(About this task) Give a verbatim copy of the lines below, minus the pictures.

Source records:

____

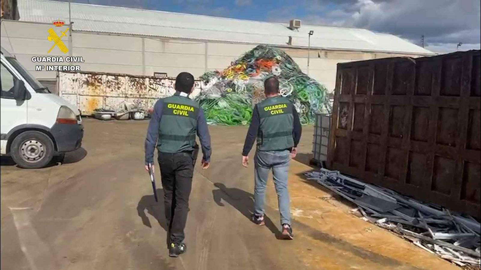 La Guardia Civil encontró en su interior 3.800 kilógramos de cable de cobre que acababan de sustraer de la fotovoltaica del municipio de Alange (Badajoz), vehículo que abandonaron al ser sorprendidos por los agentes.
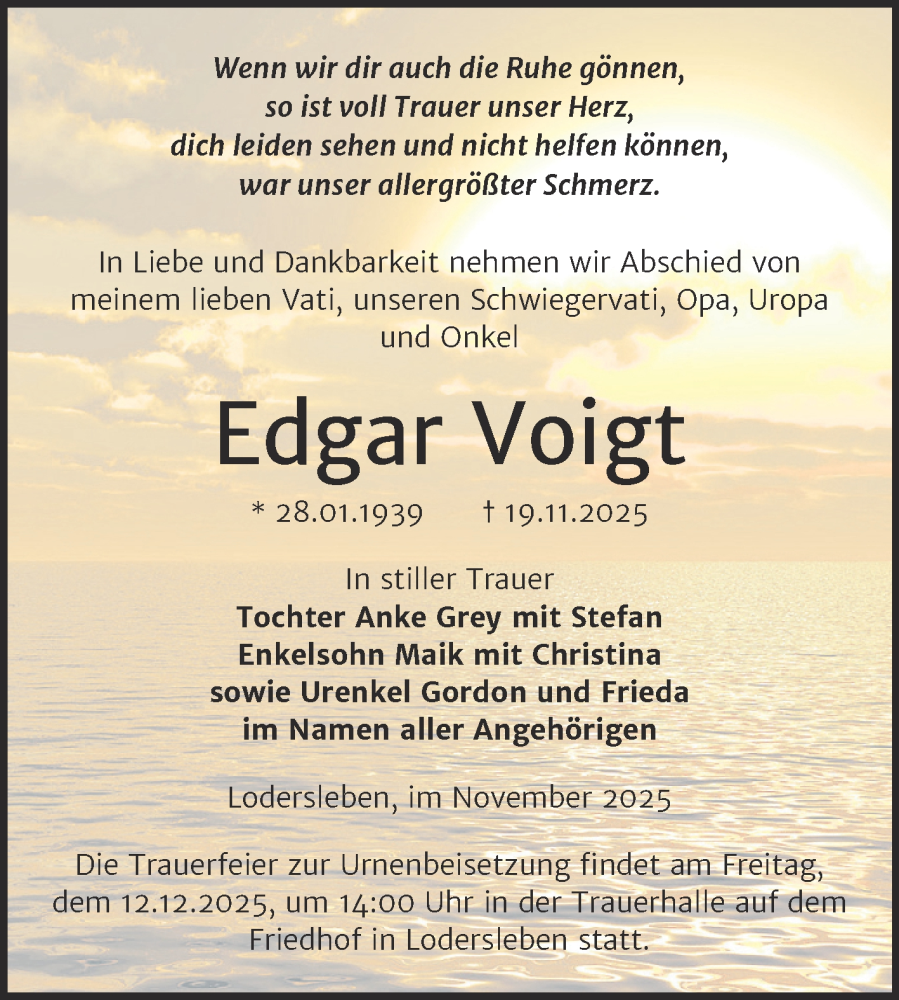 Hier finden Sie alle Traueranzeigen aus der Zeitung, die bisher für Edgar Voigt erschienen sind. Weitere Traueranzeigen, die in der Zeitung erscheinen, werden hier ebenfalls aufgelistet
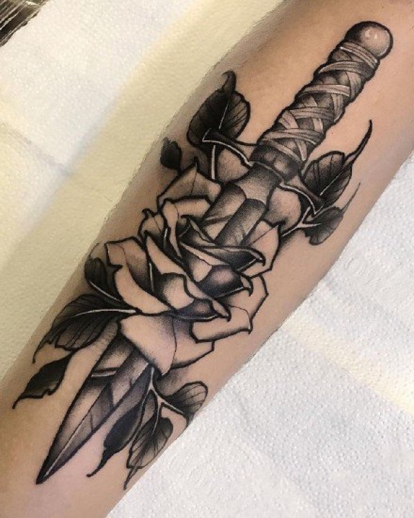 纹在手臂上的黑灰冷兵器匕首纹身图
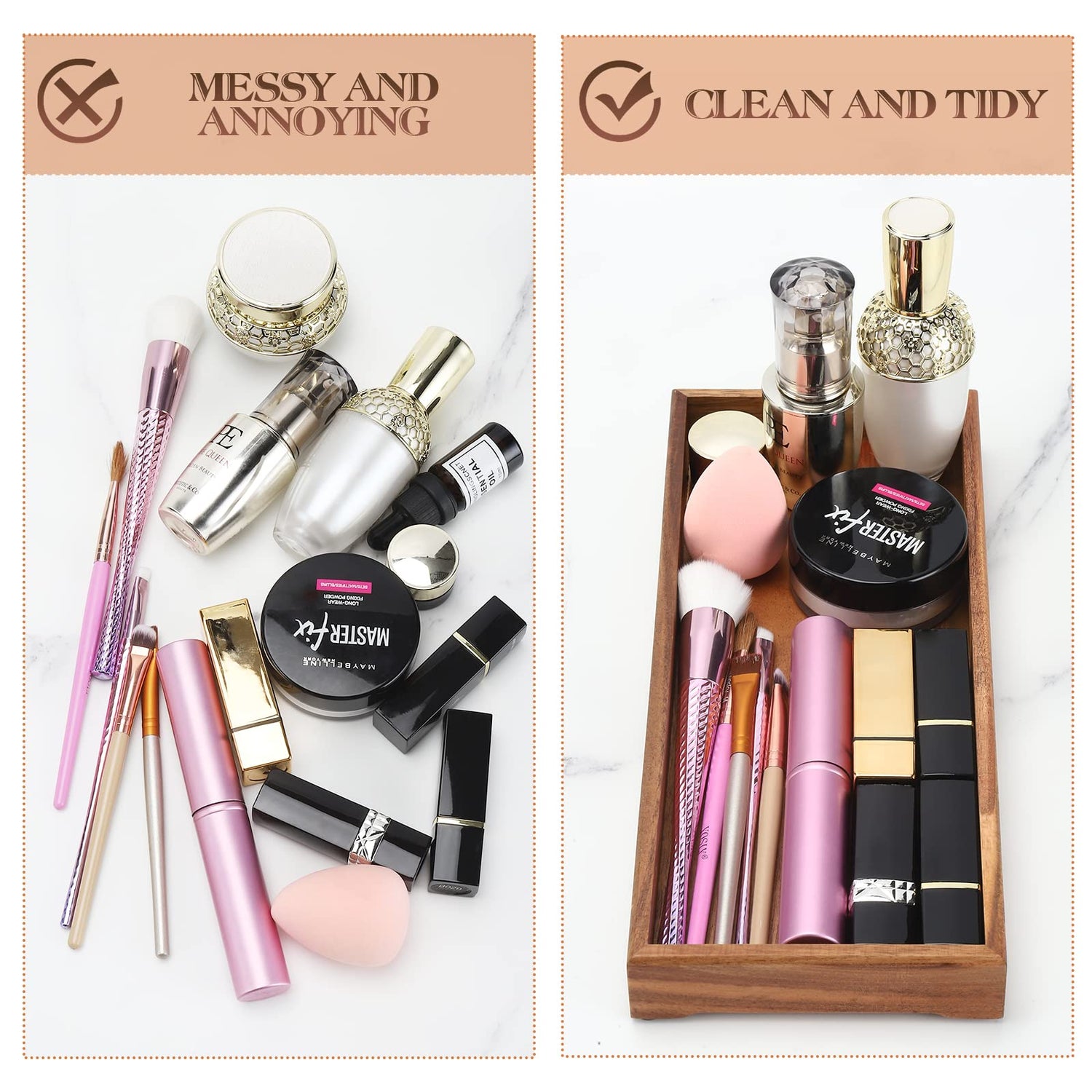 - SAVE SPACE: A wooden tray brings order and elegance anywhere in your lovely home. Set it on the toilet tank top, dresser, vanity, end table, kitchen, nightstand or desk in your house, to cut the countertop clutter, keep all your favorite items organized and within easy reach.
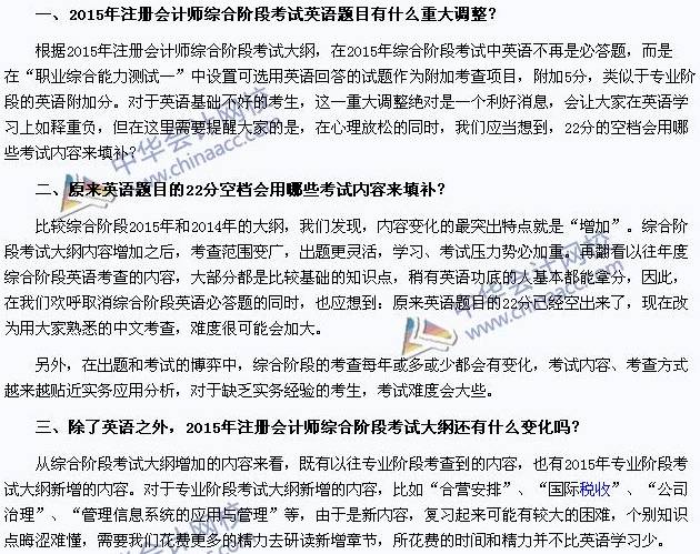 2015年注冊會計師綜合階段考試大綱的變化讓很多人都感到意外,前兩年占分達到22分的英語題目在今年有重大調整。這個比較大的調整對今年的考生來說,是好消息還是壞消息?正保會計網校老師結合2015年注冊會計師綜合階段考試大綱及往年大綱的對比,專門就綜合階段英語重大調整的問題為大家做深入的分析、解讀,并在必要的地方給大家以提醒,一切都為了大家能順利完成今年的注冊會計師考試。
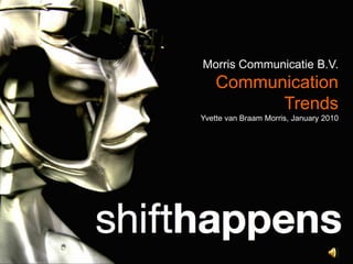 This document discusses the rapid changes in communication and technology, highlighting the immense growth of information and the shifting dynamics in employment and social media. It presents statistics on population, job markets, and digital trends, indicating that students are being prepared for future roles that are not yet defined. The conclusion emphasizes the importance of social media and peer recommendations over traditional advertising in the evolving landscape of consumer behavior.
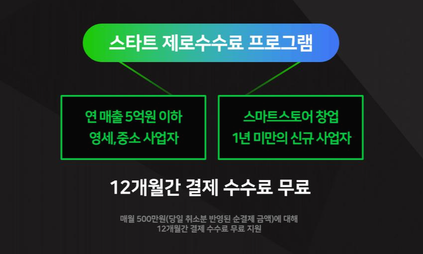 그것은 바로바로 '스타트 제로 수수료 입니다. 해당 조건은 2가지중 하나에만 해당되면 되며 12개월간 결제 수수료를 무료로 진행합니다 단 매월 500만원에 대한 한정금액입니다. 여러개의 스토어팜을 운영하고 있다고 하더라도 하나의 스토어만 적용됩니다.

____

(Exercise output)
 La Guardia Civil encontró en su interior 3.800 kilógramos de cable de cobre que acababan de sustraer de la fotovoltaica del municipio de Alange (Badajoz), vehículo que abandonaron al ser sorprendidos por los agentes.
 Hier finden Sie alle Traueranzeigen aus der Zeitung, die bisher für Edgar Voigt erschienen sind. Weitere Traueranzeigen, die in der Zeitung erscheinen, werden hier ebenfalls aufgelistet
 纹在手臂上的黑灰冷兵器匕首纹身图
 - SAVE SPACE: A wooden tray brings order and elegance anywhere in your lovely home. Set it on the toilet tank top, dresser, vanity, end table, kitchen, nightstand or desk in your house, to cut the countertop clutter, keep all your favorite items organized and within easy reach.
 2015年注冊會計師綜合階段考試大綱的變化讓很多人都感到意外,前兩年占分達到22分的英語題目在今年有重大調整。這個比較大的調整對今年的考生來說,是好消息還是壞消息?正保會計網校老師結合2015年注冊會計師綜合階段考試大綱及往年大綱的對比,專門就綜合階段英語重大調整的問題為大家做深入的分析、解讀,并在必要的地方給大家以提醒,一切都為了大家能順利完成今年的注冊會計師考試。
 This document discusses the rapid changes in communication and technology, highlighting the immense growth of information and the shifting dynamics in employment and social media. It presents statistics on population, job markets, and digital trends, indicating that students are being prepared for future roles that are not yet defined. The conclusion emphasizes the importance of social media and peer recommendations over traditional advertising in the evolving landscape of consumer behavior.
 그것은 바로바로 '스타트 제로 수수료 입니다. 해당 조건은 2가지중 하나에만 해당되면 되며 12개월간 결제 수수료를 무료로 진행합니다 단 매월 500만원에 대한 한정금액입니다. 여러개의 스토어팜을 운영하고 있다고 하더라도 하나의 스토어만 적용됩니다.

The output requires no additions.